Problem:
Retype exactly the span of lines below from the one with "A bull is shopping" through the one with "The property itself". Do not include pictures.

Recorded information:
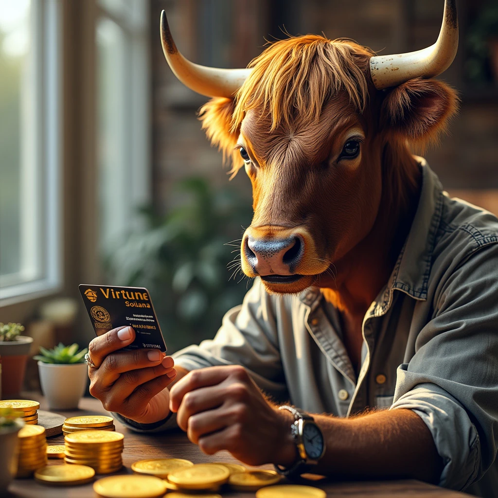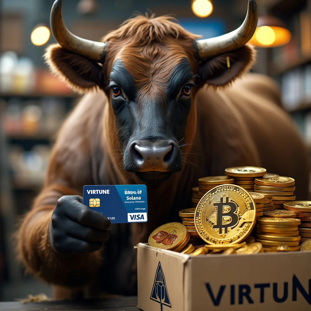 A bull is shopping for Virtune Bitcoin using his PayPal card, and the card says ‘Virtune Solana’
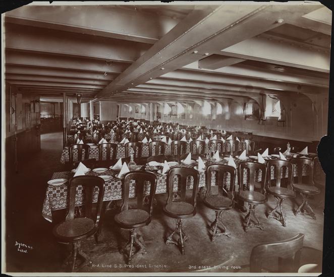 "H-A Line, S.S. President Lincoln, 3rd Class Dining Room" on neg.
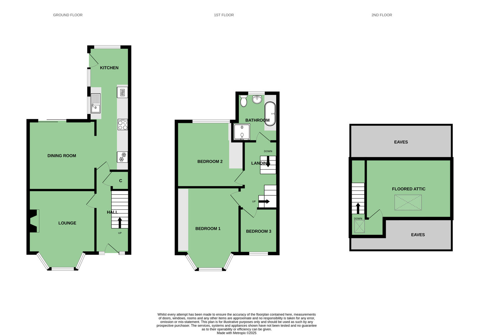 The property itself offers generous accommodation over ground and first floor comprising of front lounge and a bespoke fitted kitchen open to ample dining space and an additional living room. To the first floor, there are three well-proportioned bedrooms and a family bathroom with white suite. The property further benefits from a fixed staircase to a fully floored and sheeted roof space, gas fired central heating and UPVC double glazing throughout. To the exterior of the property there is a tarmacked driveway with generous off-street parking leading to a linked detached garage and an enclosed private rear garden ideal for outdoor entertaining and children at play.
==
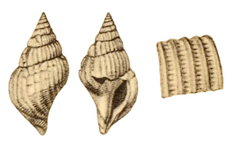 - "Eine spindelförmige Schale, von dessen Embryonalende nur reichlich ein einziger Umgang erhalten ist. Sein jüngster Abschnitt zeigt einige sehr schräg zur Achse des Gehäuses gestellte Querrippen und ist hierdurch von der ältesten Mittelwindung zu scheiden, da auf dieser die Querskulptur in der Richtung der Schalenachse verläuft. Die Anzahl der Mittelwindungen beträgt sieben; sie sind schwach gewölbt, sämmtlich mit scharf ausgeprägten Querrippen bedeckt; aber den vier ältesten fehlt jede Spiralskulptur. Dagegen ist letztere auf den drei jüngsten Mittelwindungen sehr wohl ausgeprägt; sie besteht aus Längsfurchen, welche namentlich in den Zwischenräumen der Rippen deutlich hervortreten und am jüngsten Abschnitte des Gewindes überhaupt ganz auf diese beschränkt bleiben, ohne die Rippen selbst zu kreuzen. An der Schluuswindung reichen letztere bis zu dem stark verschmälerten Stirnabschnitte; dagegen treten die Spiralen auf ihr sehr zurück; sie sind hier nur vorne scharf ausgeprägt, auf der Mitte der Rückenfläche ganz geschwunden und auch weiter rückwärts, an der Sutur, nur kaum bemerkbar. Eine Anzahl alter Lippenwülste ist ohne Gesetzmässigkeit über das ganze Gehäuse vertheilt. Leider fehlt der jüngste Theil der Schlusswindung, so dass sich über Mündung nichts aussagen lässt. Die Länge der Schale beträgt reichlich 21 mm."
...
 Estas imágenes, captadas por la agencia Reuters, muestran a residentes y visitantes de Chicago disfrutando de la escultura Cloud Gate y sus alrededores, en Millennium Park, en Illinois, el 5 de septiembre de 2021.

Answer box:
 A bull is shopping for Virtune Bitcoin using his PayPal card, and the card says ‘Virtune Solana’
 "H-A Line, S.S. President Lincoln, 3rd Class Dining Room" on neg.
 The property itself offers generous accommodation over ground and first floor comprising of front lounge and a bespoke fitted kitchen open to ample dining space and an additional living room. To the first floor, there are three well-proportioned bedrooms and a family bathroom with white suite. The property further benefits from a fixed staircase to a fully floored and sheeted roof space, gas fired central heating and UPVC double glazing throughout. To the exterior of the property there is a tarmacked driveway with generous off-street parking leading to a linked detached garage and an enclosed private rear garden ideal for outdoor entertaining and children at play.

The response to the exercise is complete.